## Records for the exercise
============

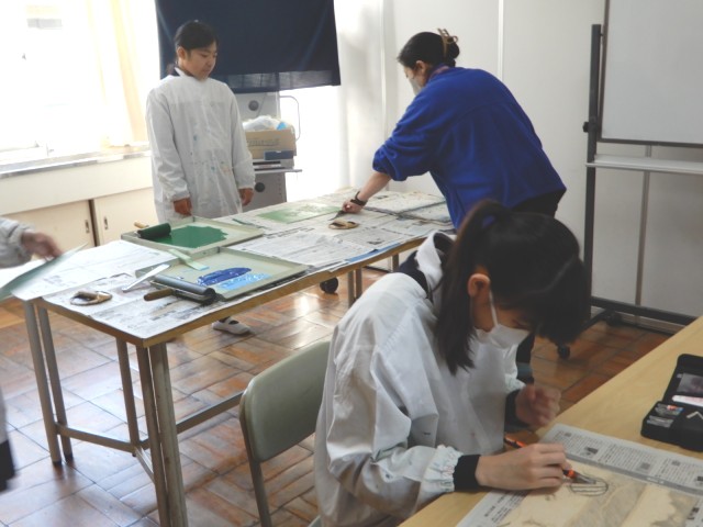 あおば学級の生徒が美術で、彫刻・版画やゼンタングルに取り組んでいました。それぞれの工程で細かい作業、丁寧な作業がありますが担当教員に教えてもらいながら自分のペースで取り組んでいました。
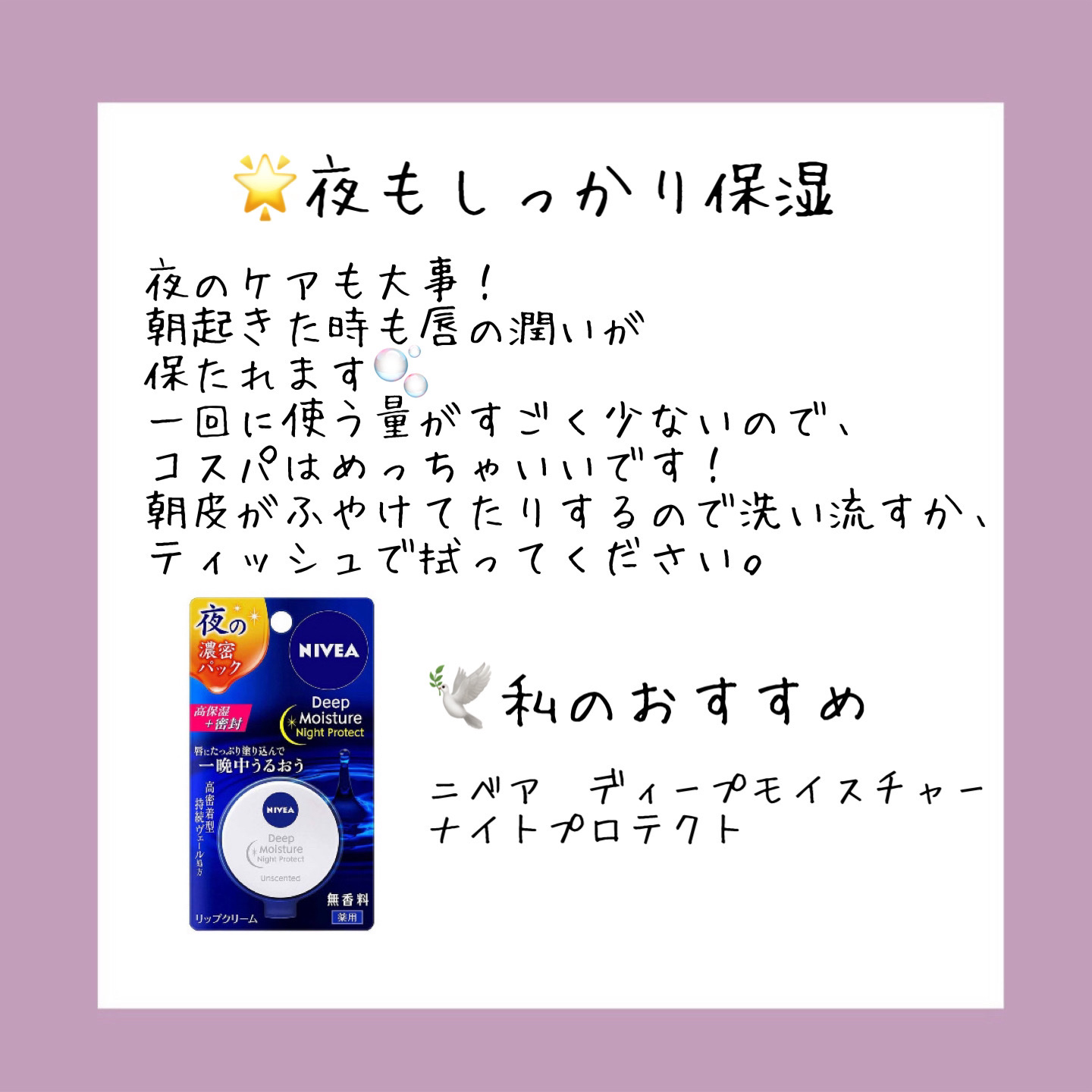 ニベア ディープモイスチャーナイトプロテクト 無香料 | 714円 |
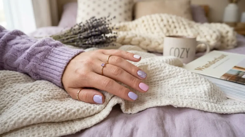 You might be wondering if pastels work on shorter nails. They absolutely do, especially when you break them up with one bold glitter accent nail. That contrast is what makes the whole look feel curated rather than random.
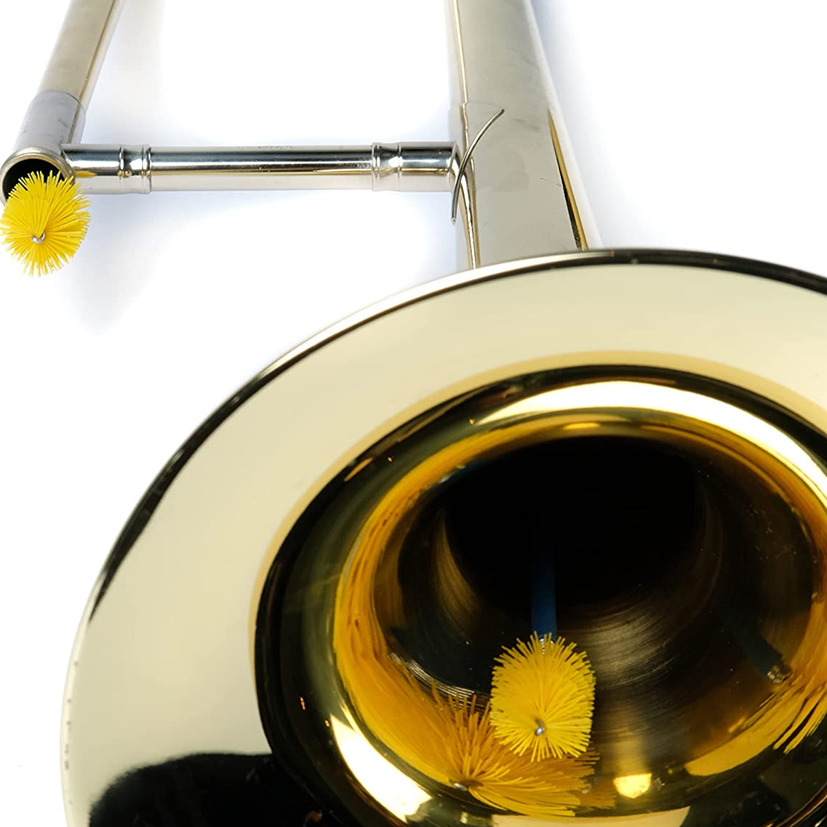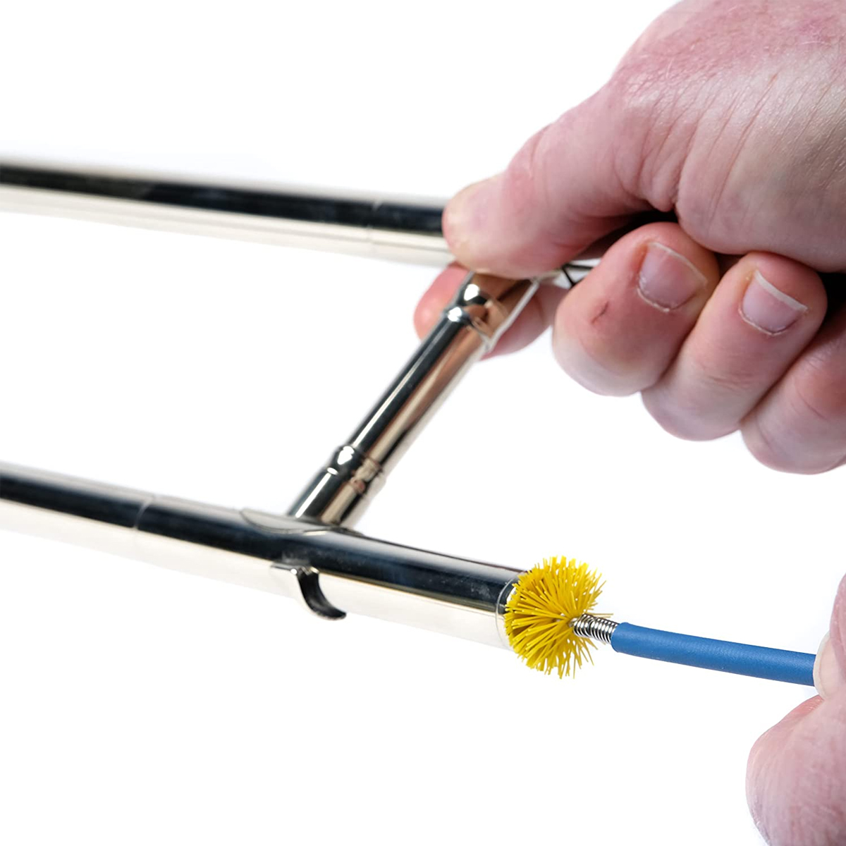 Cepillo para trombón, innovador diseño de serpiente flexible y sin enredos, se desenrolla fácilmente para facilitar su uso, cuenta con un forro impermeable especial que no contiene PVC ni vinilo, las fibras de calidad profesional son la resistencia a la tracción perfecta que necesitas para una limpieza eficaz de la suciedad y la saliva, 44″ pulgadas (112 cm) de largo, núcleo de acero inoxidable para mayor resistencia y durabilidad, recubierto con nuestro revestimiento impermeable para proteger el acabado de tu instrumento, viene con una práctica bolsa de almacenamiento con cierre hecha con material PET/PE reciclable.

============

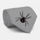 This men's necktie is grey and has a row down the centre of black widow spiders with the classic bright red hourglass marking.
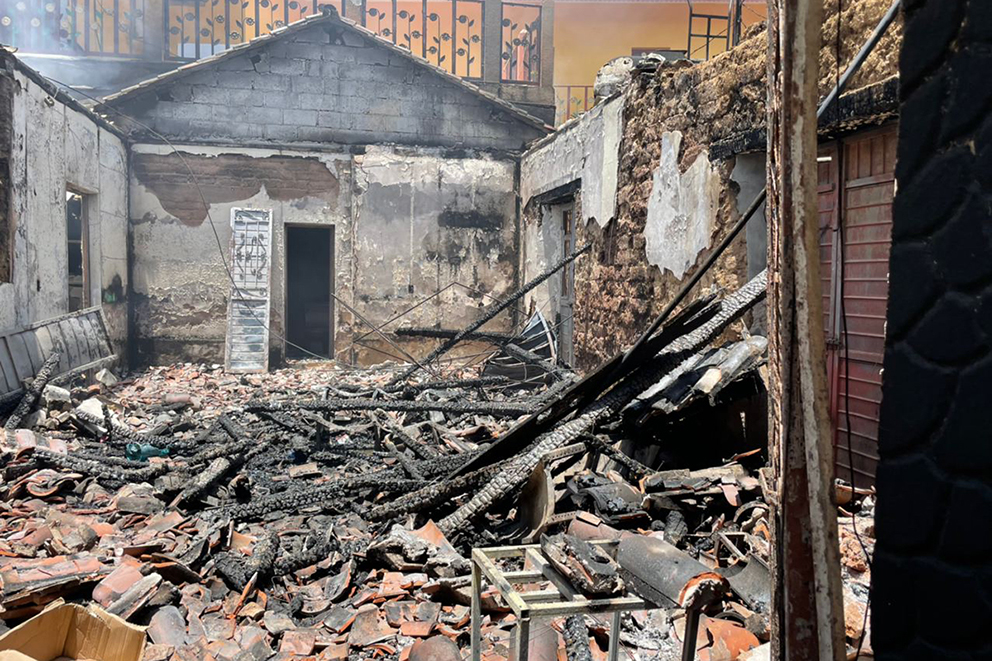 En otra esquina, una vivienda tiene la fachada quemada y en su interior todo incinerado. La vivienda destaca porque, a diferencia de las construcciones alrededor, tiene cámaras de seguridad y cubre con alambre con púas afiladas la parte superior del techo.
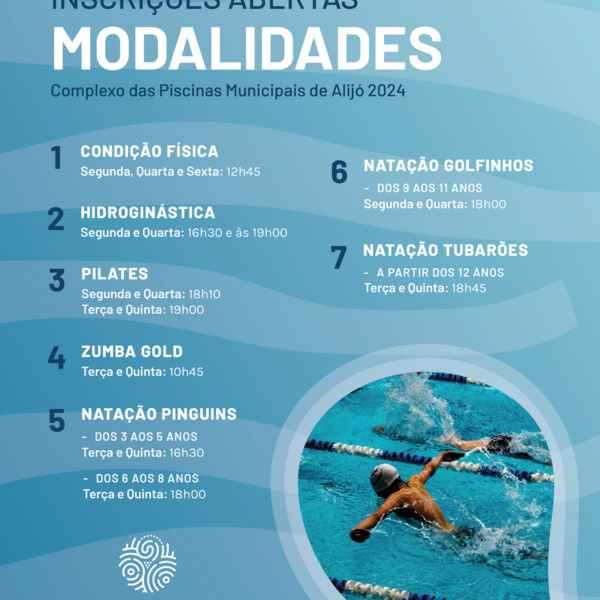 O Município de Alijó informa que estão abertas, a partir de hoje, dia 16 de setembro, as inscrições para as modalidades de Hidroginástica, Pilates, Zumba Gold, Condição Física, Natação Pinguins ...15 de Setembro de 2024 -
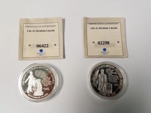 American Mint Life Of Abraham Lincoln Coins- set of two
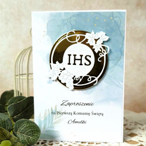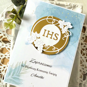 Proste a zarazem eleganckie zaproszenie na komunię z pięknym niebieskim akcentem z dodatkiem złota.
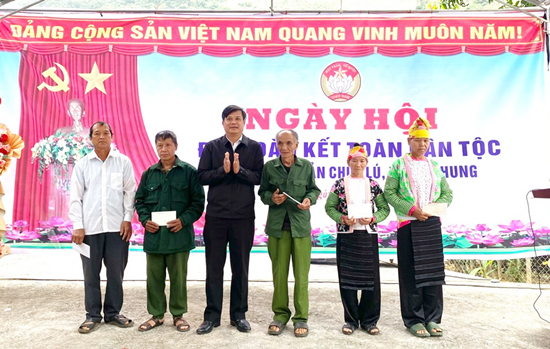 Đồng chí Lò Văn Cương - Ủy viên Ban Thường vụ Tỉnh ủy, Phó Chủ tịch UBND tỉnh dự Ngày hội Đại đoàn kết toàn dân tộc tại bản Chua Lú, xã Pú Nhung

============

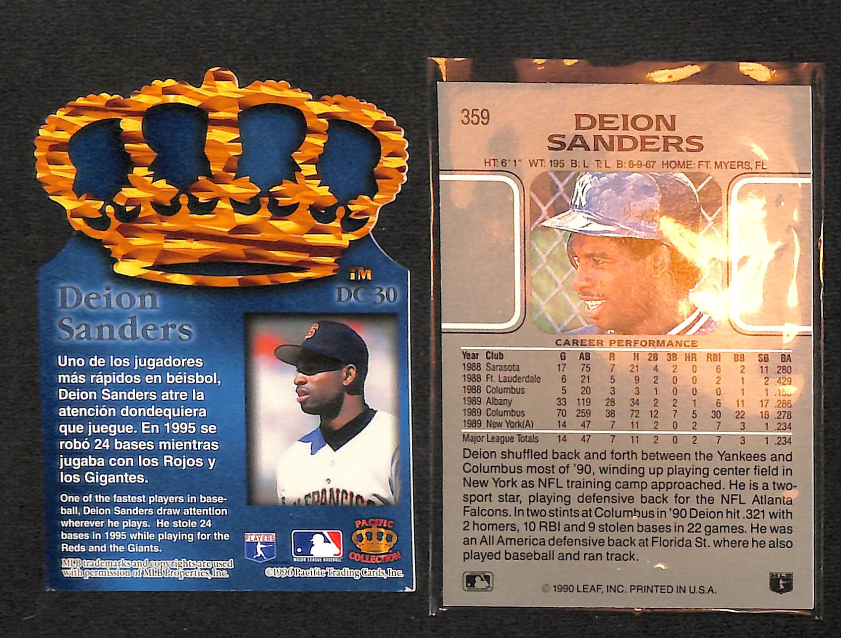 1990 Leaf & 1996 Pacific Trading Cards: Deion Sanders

============

## What is being asked
From the material above, output only the span of lines that starts at the one containing "This men's necktie" and finishes at the one containing "Đồng chí Lò", word for word and free of pictures.

## Output of the exercise
 This men's necktie is grey and has a row down the centre of black widow spiders with the classic bright red hourglass marking.
 En otra esquina, una vivienda tiene la fachada quemada y en su interior todo incinerado. La vivienda destaca porque, a diferencia de las construcciones alrededor, tiene cámaras de seguridad y cubre con alambre con púas afiladas la parte superior del techo.
 O Município de Alijó informa que estão abertas, a partir de hoje, dia 16 de setembro, as inscrições para as modalidades de Hidroginástica, Pilates, Zumba Gold, Condição Física, Natação Pinguins ...15 de Setembro de 2024 -
 American Mint Life Of Abraham Lincoln Coins- set of two
 Proste a zarazem eleganckie zaproszenie na komunię z pięknym niebieskim akcentem z dodatkiem złota.
 Đồng chí Lò Văn Cương - Ủy viên Ban Thường vụ Tỉnh ủy, Phó Chủ tịch UBND tỉnh dự Ngày hội Đại đoàn kết toàn dân tộc tại bản Chua Lú, xã Pú Nhung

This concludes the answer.